* **DATA TO PROCESS**:
***

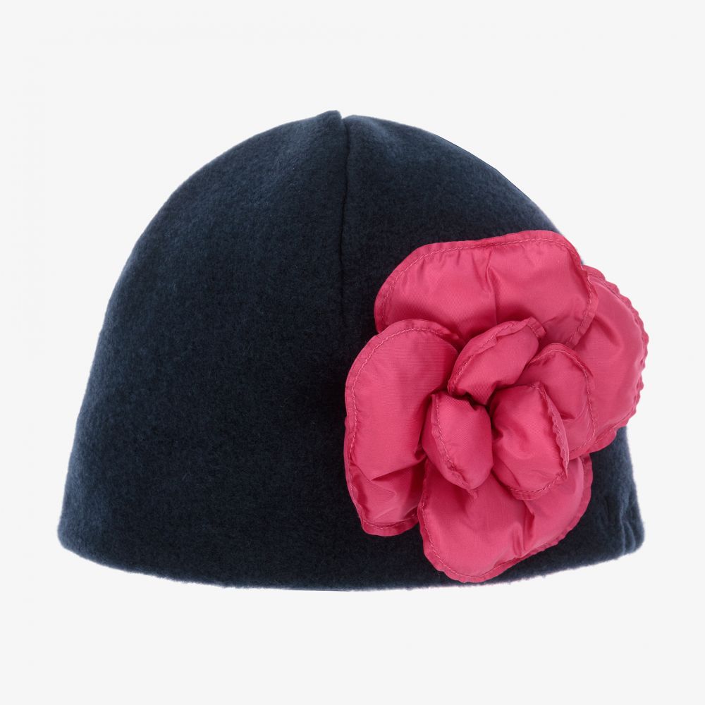 Girls navy blue polyester fleece beanie hat by Italian luxury brand Il Gufo, with a shiny padded fuchsia pink nylon flower appliqué on the side and a navy blue embroidered logo on the front.
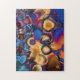 Dieses Puzzlespiel kennzeichnet mein Fraktal "Erinnerungen". Dieses abstrakte Bild hat die blauen, braunen, lila, orange und aquamarinen Farben.
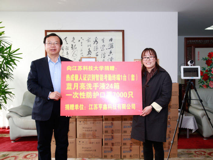 4月17日下午,江苏亨鑫科技有限公司向学校捐赠一批疫情防控物资助力开学,这批捐赠物资包含热成像人证识别智能考勤终端1台、蓝月亮洗手液24箱、一次性防护口罩7000只。宜兴市人社局市场办处长陈霁,江苏亨鑫科技有限公司人力资源部长温慧敏等一行三人专程来校捐赠疫情防控物资。校长周南平、副校长汤建出席捐赠仪式,学生处、团委、继续教育学院、教育发展基金会等相关职能部门负责人参加捐赠仪式。仪式由对外合作处处长佘建国主持。
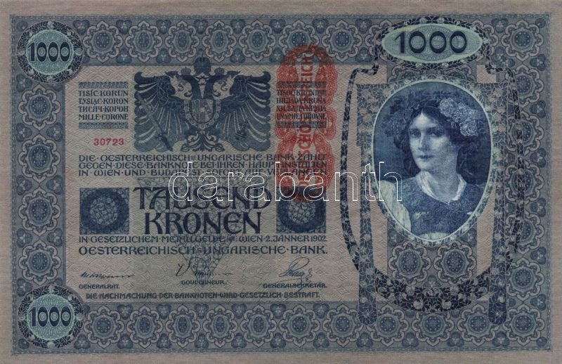 1902. 1000K függőleges "Deutschösterreich" felülnyomással T:I https://www.darabanth.com/de/151-Fernauktion/151.0/Numismatik/Ungarische-Banknoten~500151/1902-1000K-fuggoleges-Deutschosterreich-felulnyomassal-TI~II460384
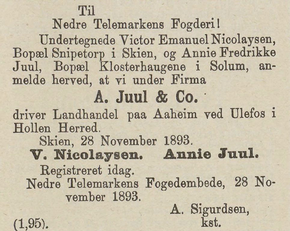 Victor blei født i Drammen i 1860 og kona Anne i 1870 i Skien. Oppholdet på Ulefoss kan ikke ha vært langvarig. Sønnen Thorleif blir født i Skien i 1896 og søstera Lydia to år etter. I 1900 er han kjøpmann og driver manufaktorforretning i Skien. Familien bur i Snipetorpgate.
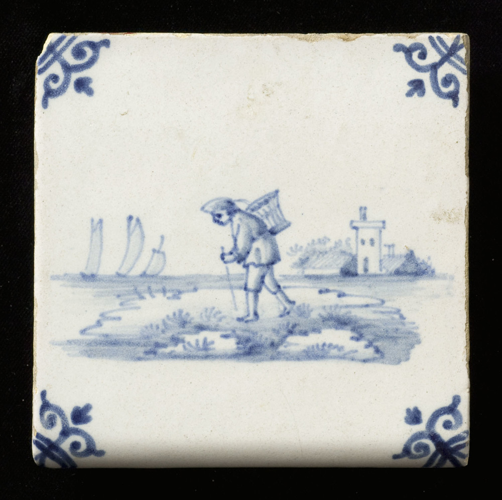 Tegel van keramiek, tinglazuur, voorstellende een fi...
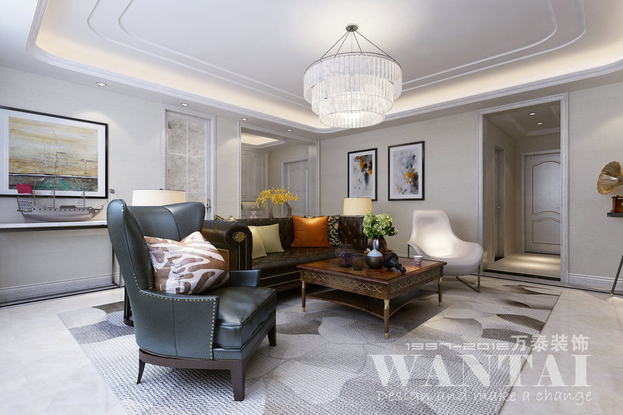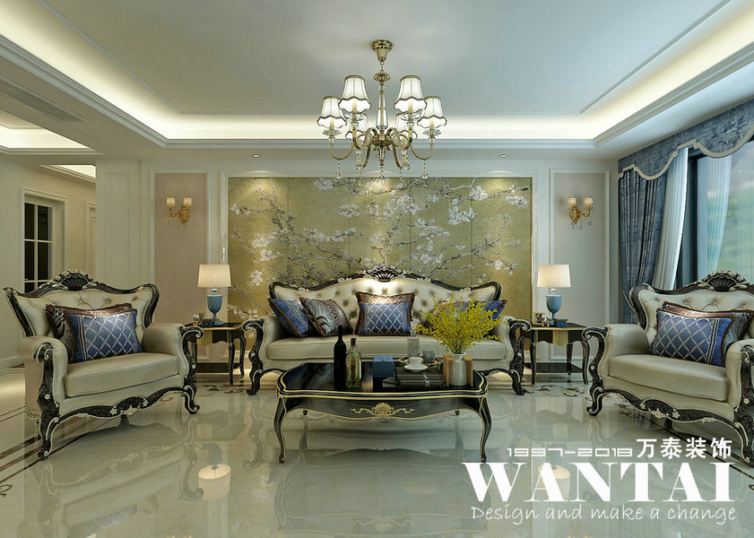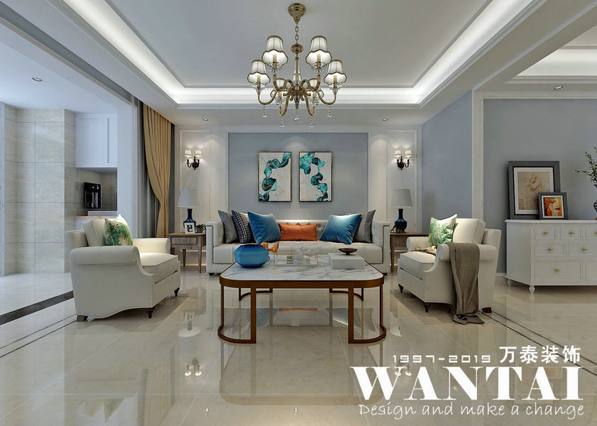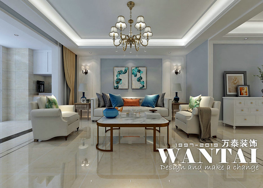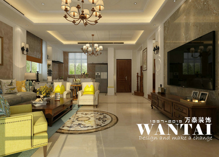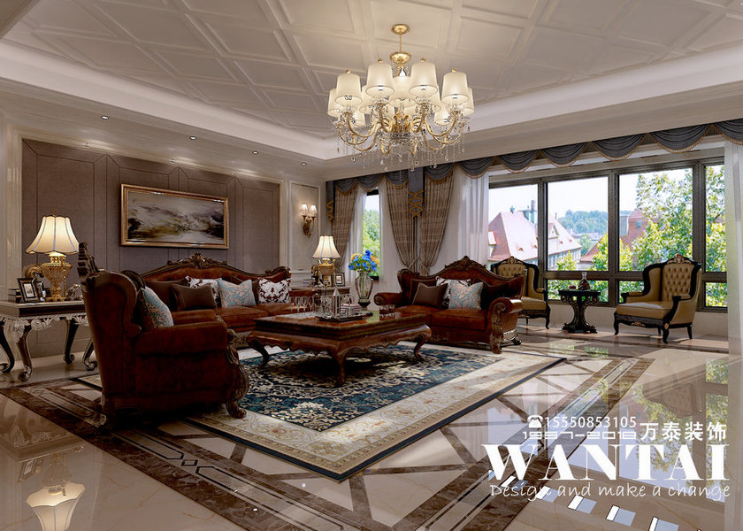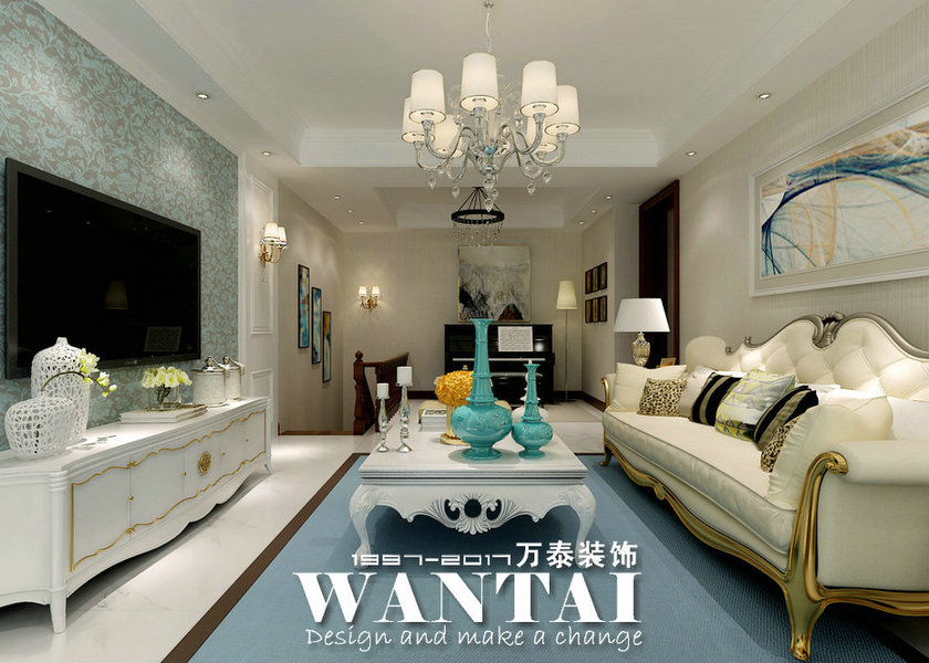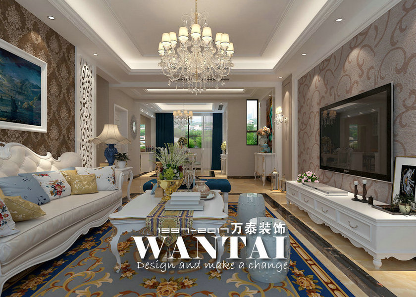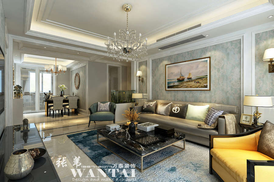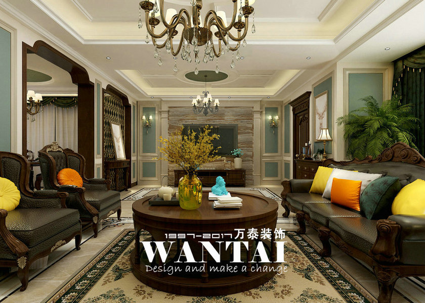 泰安装修|泰安绿地云水谣150平美式欧式混搭装修效果图
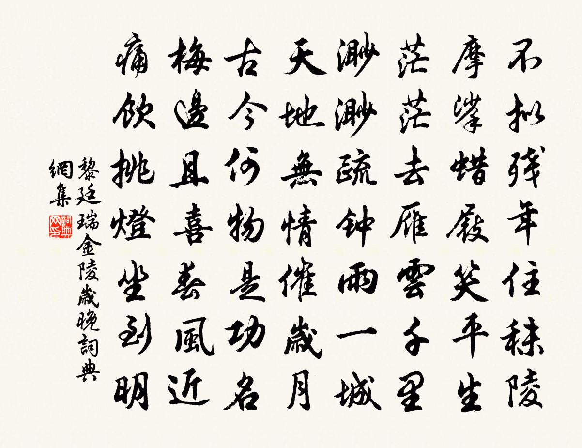 詩詞名句歷史字典書法欣賞書法字典國語詞典說文解字康熙字典古漢語字典標 題 作 者 詩 句 金陵歲晚作者:黎廷瑞 朝代:宋代金陵歲晚原文不擬殘年住秣陵,摩挲蠟屐笑平生。茫茫去雁雲千里。渺渺疏鍾雨一城。天地無情催歲月,古今何物是功名。梅邊且喜春風近,痛飲挑燈坐到明。詩詞問答問:金陵歲晚的作者是誰?答:黎廷瑞問:金陵歲晚寫於哪個朝代?答:宋代黎廷瑞金陵歲晚書法欣賞金陵歲晚書法作品詩詞推薦題丁少瞻林園徐照〔宋代〕州分低嶺外,來向此園行。路改初栽樹,堂成未有名。藥苗如草長,岩溜入池清。欲識懷君意,時聞鶴一鳴。次蕭饒州韻仇遠〔宋代〕愛山如愛士,交友竟忘年。未老先辭祿,能閒始是仙。清談真藥石,雅志樂林泉。笑看衡門外,隨風柳絮顛。六么令·夷則宮七夕吳文英〔宋代〕露蛩初響,機杼還催織。婺星為情慵懶,佇立明河側。不見津頭艇子,望絕南飛翼。雲梁千尺。塵緣一點,回首西謝人惠三峰朱柿陳洎〔宋代〕烏椑珍果益丹名,新折紅林蔕尚青。漿冷夜凝仙掌露,味甘秋割楚江萍。圓堆玉盌櫻難並,賸薦金樽酒易醒。應念酒泉子李珣〔唐代〕寂寞青樓,風觸繡簾珠碎撼。月朦朧,花暗澹,鎖春愁尋思往事依稀夢,淚臉露桃紅色重。鬢欹蟬,釵墜鳳,思悠次韻陳叔易蘆橋二首晃沖之〔宋代〕橋闊狹如馬,蘆高低似人。白苹洲上客,枉恨洞庭春。孤山後寫望林逋〔宋代〕水墨屏風狀總非,作詩除是謝玄暉。溪橋裊裊穿黃葉,樵斧丁丁斫翠微。返照未沉僧獨在,長煙如淡鳥橫飛。南峰言志釋文珦〔宋代〕窮居雖寂寥,苦節諒難改。青青山上薇,朝莫猶可采。薇盡而長飢,餓死亦無悔。古者夷與齊,清風彌億載。送潤州通判屯田歐陽修〔宋代〕船頭初轉兩旗開,清曉津亭疊鼓催。自古江山最佳處,況君談笑有餘才。雲愁海闊驚濤漲,木落霜清畫角哀。善政大滌山葉紹翁〔宋代〕倦身只欲臥林丘,羽客知心解款留。泉溜涓涓中夜雨,天風凜凜四時秋。虎岩月澹迷仙路,龍洞雲深透別州。九鎖西山僅老失牛求一言於邑數語代書樓鑰〔宋代〕一介毛扣門,毛尺毛在手。不是長須饋鯉,乃知中夜忘牛。拽把牽犁,能耕百畝。披毛戴角,方得五春。是何西山收兩京後還上都兼訪一二親故方乾〔唐代〕離堂千里客,歸騎五陵人。路轉函關晚,煙開上苑新。天涯將野服,闕下見鄉親。問得存亡事,裁詩寄海濱。孝宗明堂前朝獻景靈宮八首真宗〔宋代〕華燈熒煌,瑞煙氤氳。威神如在,蠲潔必親。再興於疊,再帨於巾。皇心肅祗,其敢憚勤。憶鶴白玉蟾〔宋代〕洞裡不知城市改,人間再到子孫非。有誰尚自看華表,何處如今叫令威。和魏桐城題三瀑泉贈湯洞卿王之道〔宋代〕奔霆響空山,飛連掛絕壁。毛髮忽森豎,精神共英特。平生丘壑姿,至此意頗適。何必游九華,龍眠自尤物。經亂離後天恩流夜郎憶舊遊書懷贈江夏韋太守良宰李白〔唐代〕天上白玉京,十二樓五城。仙人撫我頂,結髮受長生。 誤逐世間樂,頗窮理亂情。九十六聖君,浮雲掛空名。 送范曙赴天雄太尉辟命石介〔宋代〕伯樂之廄無駑駘,豫章之林多瑰材,相君新坐碧油嶂,之子直上黃金台。秋風蕭蕭動笳鼓,落葉摵摵鳴向罍。將軍哭鄭君瑞長官二首劉克莊〔宋代〕史著陶潛卒,何妨爵秩卑。竟無乞米帖,止有採薇詩。舊友誰為誄,新阡尚欠碑。中年哭同志,孤立可勝悲。小亭落成都官有詩次韻以謝洪皓〔宋代〕我被儒冠誤此身,公緣何事作流人。瓊葩乍折香勝雪,玉版初嘗暖似春。月桂他年應獨拍,瓊林今日遂重新。披襟農家陸游〔宋代〕低垣矮屋俯江流,渾舍相娛到白頭。累世不知名宦樂,百年那識別離愁。飯余常貯新陳谷,農隙閒眠子母牛。聞道名句推薦若似月輪終皎潔,不辭冰雪為卿熱。納蘭性德《蝶戀花·辛苦最憐天上月》 疏懶意何長,春風花草香。黃庭堅《菩薩蠻·半煙半雨溪橋畔》 去年花里逢君別,今日花開已一年。韋應物《寄李儋元錫》 醉別江樓橘柚香,江風引雨入舟涼。王昌齡《送魏二》 隱約遙峰,和淚謝娘眉嫵。史達祖《綺羅香·詠春雨》 里仁為美,擇不處仁,焉得知?孔子弟子《論語·里仁篇》 人生有酒須當醉,一滴何曾到九泉。高翥《清明日對酒》 枝上柳綿吹又少。天涯何處無芳草。蘇軾《蝶戀花·春景》 獵人箭底求傷雁,釣戶竿頭乞活魚。王建《寄舊山僧》 路入南中,桄榔葉暗蓼花紅。歐陽炯《南鄉子·路入南中》

***

* **EXERCISE OBJECTIVE**:
Please leave out the pictures as you reproduce the lines exactly, from the first line of the entries through the line containing "4月17日下午,江苏亨鑫科技".

* **YOUR SOLUTION**:
 Girls navy blue polyester fleece beanie hat by Italian luxury brand Il Gufo, with a shiny padded fuchsia pink nylon flower appliqué on the side and a navy blue embroidered logo on the front.
 Dieses Puzzlespiel kennzeichnet mein Fraktal "Erinnerungen". Dieses abstrakte Bild hat die blauen, braunen, lila, orange und aquamarinen Farben.
 4月17日下午,江苏亨鑫科技有限公司向学校捐赠一批疫情防控物资助力开学,这批捐赠物资包含热成像人证识别智能考勤终端1台、蓝月亮洗手液24箱、一次性防护口罩7000只。宜兴市人社局市场办处长陈霁,江苏亨鑫科技有限公司人力资源部长温慧敏等一行三人专程来校捐赠疫情防控物资。校长周南平、副校长汤建出席捐赠仪式,学生处、团委、继续教育学院、教育发展基金会等相关职能部门负责人参加捐赠仪式。仪式由对外合作处处长佘建国主持。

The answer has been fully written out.